#### MATERIAL PROVIDED ####

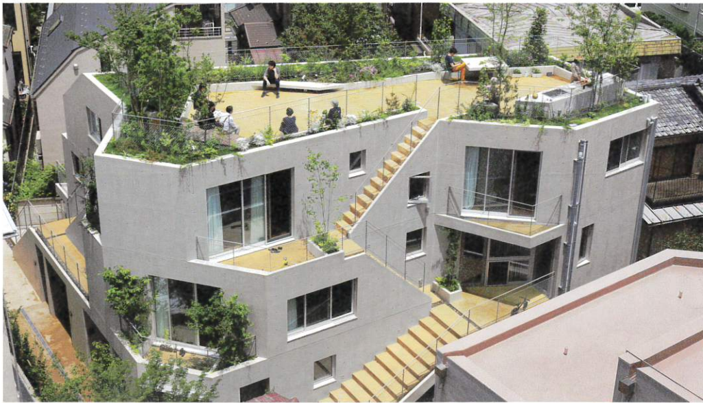
ミドリノオカテラス (東京都、2020年)
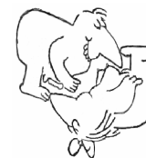
Oralverkehr ohne Kondom ☞
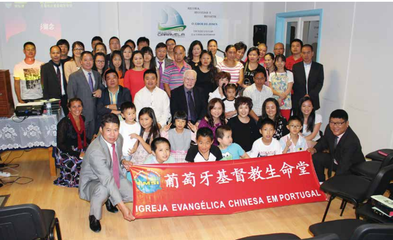
▽ 2015年8月22日亞速爾生命堂成立合影
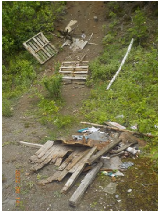
Figure 36: Débris à ramasser au point supplémentaire F
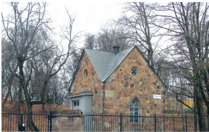
Сторожка у входа в Ораниенбаумский парк с Дворцового проспекта.

из-под обшивки пауков. Не иначе, как красавицей-горкой называли они и дворец «Катальная горка». Но, кроме красоты, поработав там на обмерах всю зиму, я видела и кривизну её колонн – не полагающийся энтазис, и рукодельную косяковость, и неровность расстановки между одинаковыми элементами, и оплывшие разномастные фигурки балясин – каждая в кривом строю со своим брюшком, да ещё и часто посаженные, напоминающие сов, вазы на крыше. Это теперь, двадцать лет спустя, я вижу, что павильон Катальной горки – и вправду красавец, и глаз мой перестал отсчитывать балясины и сравнивать между собой колонны. В крепости Петра третьего были пять бастионов с 12 пушками, а также различные строения: арсенал, казармы, дома офицеров-голландцев и коменданта, гауптвахта, пороховой склад и лютеранская кирха. В центре находился пя-
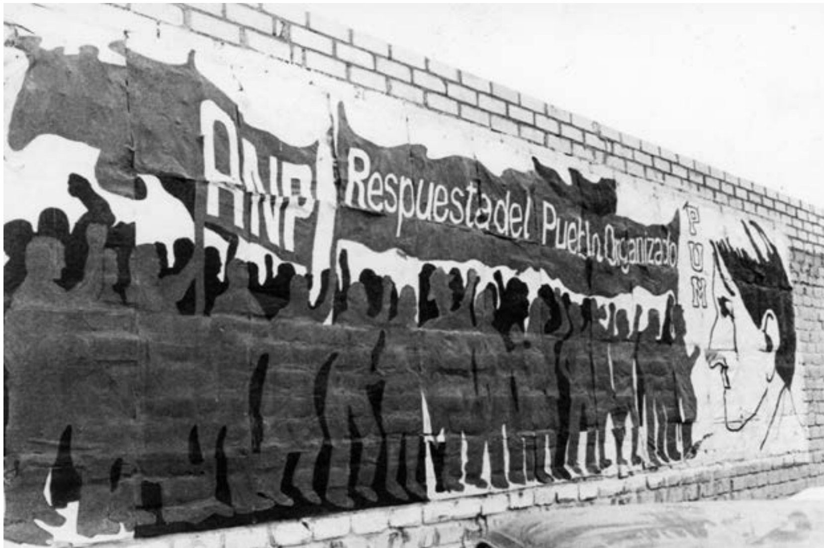
Mural en alusión a la Asamblea Nacional Popular.
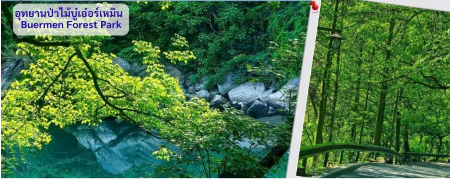
อุทยานป่าไม้บูเออร์เหมิน Buermen Forest Park

จากนั้นนำทุกท่านเดินทางสู่ น้ำพุร้อนบูเออร์เหมิน เป็นน้ำพุร้อนธรรมชาติที่มีชื่อเสียงที่สุดแห่งหนึ่งในมณฑลหูหนาน ตั้งอยู่ทางทิศใต้ของ อุทยานป่าไม้แห่งชาติบูเออร์เหมิน ในอำเภอหยงชุ่น: น้ำในบ่อน้ำพุร้อนอุดมไปด้วย แร่ธาตุสำคัญ สตรอนเชียม ซิลิเกต ซึ่งมีคุณสมบัติช่วยบำรุงผิวพรรณ ช่วยระบบไหลเวียนโลหิต และผ่อนคลายระบบประสาทส่วนกลาง อุดมภูมิน้ำพุร้อน ที่มีอุณหภูมิคงที่ประมาณ 39.8 - 41 องศาเซลเซียส ตลอดทั้งปี ซึ่งเป็นระดับที่พอเหมาะสำหรับการแช่เพื่อสุขภาพ บรรเทาอาการแช่บ่อน้ำพุร้อนตั้งอยู่ท่ามกลางทัศนียภาพที่สวยงามริมแม่น้ำเมิ่งตั้ง โดยมีทั้งบ่อกลางแจ้งที่สร้างขนานไปกับหน้าผาและซ่อนตัวอยู่ในป่าทึบ รวมถึงบ่อในร่มและบริการสปา จำนวนบ่อมีบ่อแช่กลางแจ้งให้บริการมากกว่า 29 บ่อ กระจายตัวอยู่ในพื้นที่ป่าไม้ที่อุดมสมบูรณ์ ภายในศูนย์น้ำพุร้อนมีห้องโถงต้อนรับ สถานที่อาบน้ำ ห้องอาบน้ำแบบแผ่นหิน และบ่อแช่ตัวผสมสมุนไพร (ลูกค้าต้องใส่ชุดว่ายน้ำลงเท่านั้นกรรราเตรียมชุดว่ายน้ำไปด้วย)
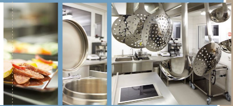
Stets frisch und lecker: Bei uns im Haus zubereitete Speisen dank hauseigener Küche

Trotz der überschaubaren Kapazität von nur 48 Bewohnern verfügt das Pflegezentrum über eine hausinterne Küche. Dies ermöglicht eine individuelle und frische Speiseversorgung aller Bewohner.
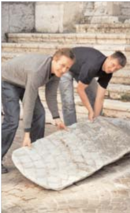
Arbeit an einem Abguss in Schwaz.
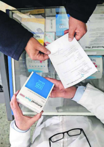
La exigencia de contar con una receta médica para la venta de antibióticos es una de las medidas que han tenido buenos resultados en el país con el fin de evitar el consumo abusivo de estos medicamentos.

"Hay que sacarse de la cabeza la idea de que todos los médicos usan bien los antibióticos"
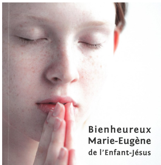
Bienheureux Marie-Eugène de l'Enfant-Jésus

« Lorsque la distraction n'est plus seulement passagère pendant l'oraison, mais que, par suite de l'impuissance de l'intelligence à se fixer sur un sujet quelconque et de sa mobilité, elle devient un état quasi habituel, elle constitue un état de sécheresse. La sécheresse s'accompagne ordinairement de tristesse, d'impuissance, de diminution des ardeurs de l'âme, d'agitation et d'énervement des facultés. »
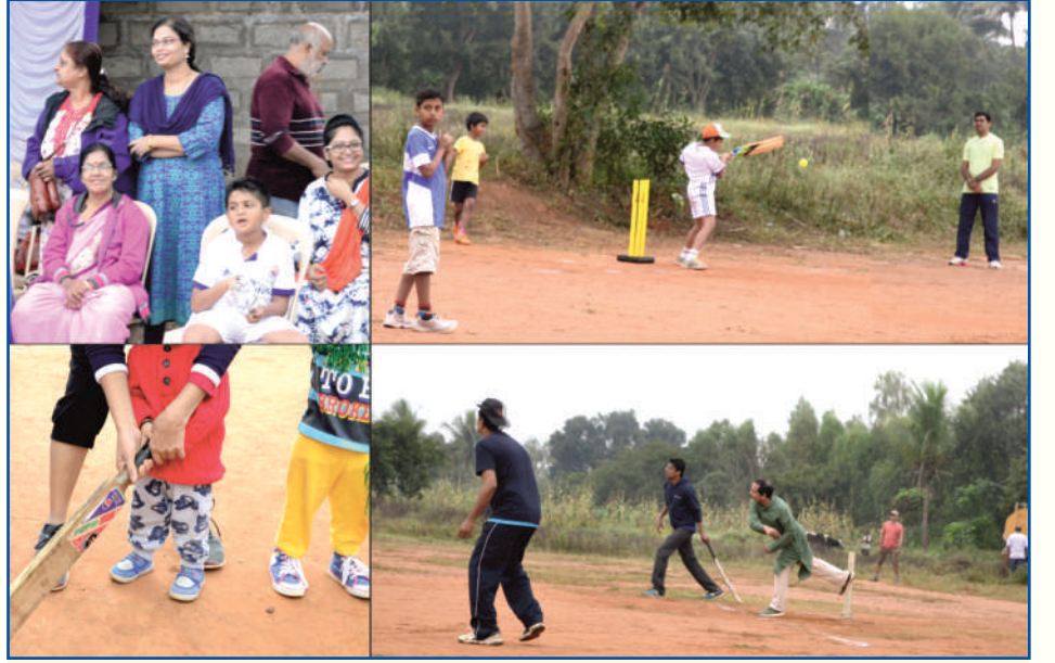
ತಪೋನಗರದ ನಿವಾಸಿಗಳು ಕ್ರಿಕೆಟ್ ಪಂದ್ಯಗಳನ್ನುಡಿದರು.

ನಿಮ್ಮ ಸ್ನೇಹಿತರಿಗೆ ತಪೋವಾಣಿಯನ್ನು ಉಡುಗೊರೆಯಾಗಿ ಕೊಡಿ. ವಾರ್ಷಿಕ ಚಂದಾ ದೊಂದಿಗೆ ಅವರ ಹೆಸರು ಮತ್ತು ವಿಳಾಸವನ್ನು ನಮಗೆ ಕಳುಹಿಸಿ.
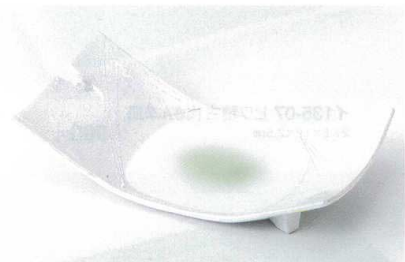
ツ136-10 一珍ラスターヒワ吹8.5焼物皿 26.3×13.4×5.3cm 2,250円
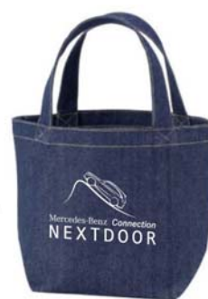
SUV EXPERIENCE 限定デニムトートバック ¥1,800

※価格は全て税込です。商品は予告なく変更になる場合がございます。取扱い商品詳細は店頭までお問い合わせ下さい。
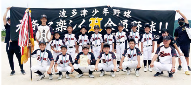
↑市長旗大会での初優勝を喜ぶ波多津少年野球の選手たち
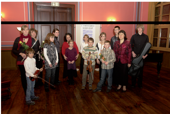
17. Tonkünstlerfest 2008: Lehrer und Schüler im Konzert
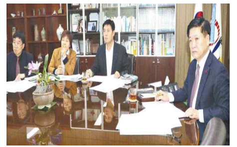
동구치매안심센터 건립 용역보고회(1.31) - 울산동구보건소
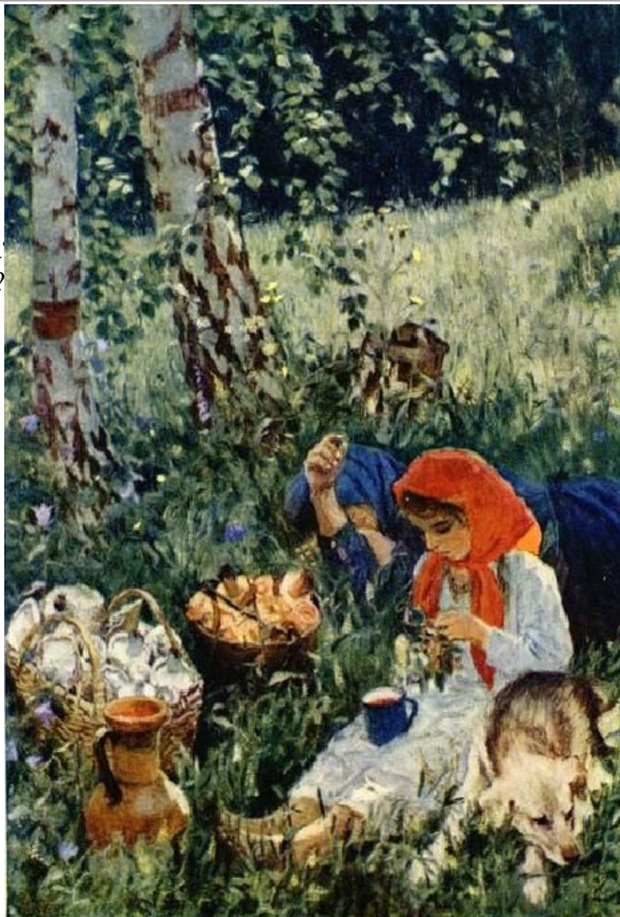
Аркадий Пластов Летом. 1953-54 г.г. Русский музей

####

**WHAT YOU NEED TO DO**
The response must repeat all the lines above exactly and include no pictures.

**OUTPUT OF THE TASK**
ミドリノオカテラス (東京都、2020年)
Oralverkehr ohne Kondom ☞
▽ 2015年8月22日亞速爾生命堂成立合影
Figure 36: Débris à ramasser au point supplémentaire F
Сторожка у входа в Ораниенбаумский парк с Дворцового проспекта.

из-под обшивки пауков. Не иначе, как красавицей-горкой называли они и дворец «Катальная горка». Но, кроме красоты, поработав там на обмерах всю зиму, я видела и кривизну её колонн – не полагающийся энтазис, и рукодельную косяковость, и неровность расстановки между одинаковыми элементами, и оплывшие разномастные фигурки балясин – каждая в кривом строю со своим брюшком, да ещё и часто посаженные, напоминающие сов, вазы на крыше. Это теперь, двадцать лет спустя, я вижу, что павильон Катальной горки – и вправду красавец, и глаз мой перестал отсчитывать балясины и сравнивать между собой колонны. В крепости Петра третьего были пять бастионов с 12 пушками, а также различные строения: арсенал, казармы, дома офицеров-голландцев и коменданта, гауптвахта, пороховой склад и лютеранская кирха. В центре находился пя-
Mural en alusión a la Asamblea Nacional Popular.
อุทยานป่าไม้บูเออร์เหมิน Buermen Forest Park

จากนั้นนำทุกท่านเดินทางสู่ น้ำพุร้อนบูเออร์เหมิน เป็นน้ำพุร้อนธรรมชาติที่มีชื่อเสียงที่สุดแห่งหนึ่งในมณฑลหูหนาน ตั้งอยู่ทางทิศใต้ของ อุทยานป่าไม้แห่งชาติบูเออร์เหมิน ในอำเภอหยงชุ่น: น้ำในบ่อน้ำพุร้อนอุดมไปด้วย แร่ธาตุสำคัญ สตรอนเชียม ซิลิเกต ซึ่งมีคุณสมบัติช่วยบำรุงผิวพรรณ ช่วยระบบไหลเวียนโลหิต และผ่อนคลายระบบประสาทส่วนกลาง อุดมภูมิน้ำพุร้อน ที่มีอุณหภูมิคงที่ประมาณ 39.8 - 41 องศาเซลเซียส ตลอดทั้งปี ซึ่งเป็นระดับที่พอเหมาะสำหรับการแช่เพื่อสุขภาพ บรรเทาอาการแช่บ่อน้ำพุร้อนตั้งอยู่ท่ามกลางทัศนียภาพที่สวยงามริมแม่น้ำเมิ่งตั้ง โดยมีทั้งบ่อกลางแจ้งที่สร้างขนานไปกับหน้าผาและซ่อนตัวอยู่ในป่าทึบ รวมถึงบ่อในร่มและบริการสปา จำนวนบ่อมีบ่อแช่กลางแจ้งให้บริการมากกว่า 29 บ่อ กระจายตัวอยู่ในพื้นที่ป่าไม้ที่อุดมสมบูรณ์ ภายในศูนย์น้ำพุร้อนมีห้องโถงต้อนรับ สถานที่อาบน้ำ ห้องอาบน้ำแบบแผ่นหิน และบ่อแช่ตัวผสมสมุนไพร (ลูกค้าต้องใส่ชุดว่ายน้ำลงเท่านั้นกรรราเตรียมชุดว่ายน้ำไปด้วย)
Stets frisch und lecker: Bei uns im Haus zubereitete Speisen dank hauseigener Küche

Trotz der überschaubaren Kapazität von nur 48 Bewohnern verfügt das Pflegezentrum über eine hausinterne Küche. Dies ermöglicht eine individuelle und frische Speiseversorgung aller Bewohner.
Arbeit an einem Abguss in Schwaz.
La exigencia de contar con una receta médica para la venta de antibióticos es una de las medidas que han tenido buenos resultados en el país con el fin de evitar el consumo abusivo de estos medicamentos.

"Hay que sacarse de la cabeza la idea de que todos los médicos usan bien los antibióticos"
Bienheureux Marie-Eugène de l'Enfant-Jésus

« Lorsque la distraction n'est plus seulement passagère pendant l'oraison, mais que, par suite de l'impuissance de l'intelligence à se fixer sur un sujet quelconque et de sa mobilité, elle devient un état quasi habituel, elle constitue un état de sécheresse. La sécheresse s'accompagne ordinairement de tristesse, d'impuissance, de diminution des ardeurs de l'âme, d'agitation et d'énervement des facultés. »
ತಪೋನಗರದ ನಿವಾಸಿಗಳು ಕ್ರಿಕೆಟ್ ಪಂದ್ಯಗಳನ್ನುಡಿದರು.

ನಿಮ್ಮ ಸ್ನೇಹಿತರಿಗೆ ತಪೋವಾಣಿಯನ್ನು ಉಡುಗೊರೆಯಾಗಿ ಕೊಡಿ. ವಾರ್ಷಿಕ ಚಂದಾ ದೊಂದಿಗೆ ಅವರ ಹೆಸರು ಮತ್ತು ವಿಳಾಸವನ್ನು ನಮಗೆ ಕಳುಹಿಸಿ.
ツ136-10 一珍ラスターヒワ吹8.5焼物皿 26.3×13.4×5.3cm 2,250円
SUV EXPERIENCE 限定デニムトートバック ¥1,800

※価格は全て税込です。商品は予告なく変更になる場合がございます。取扱い商品詳細は店頭までお問い合わせ下さい。
↑市長旗大会での初優勝を喜ぶ波多津少年野球の選手たち
17. Tonkünstlerfest 2008: Lehrer und Schüler im Konzert
동구치매안심센터 건립 용역보고회(1.31) - 울산동구보건소
Аркадий Пластов Летом. 1953-54 г.г. Русский музей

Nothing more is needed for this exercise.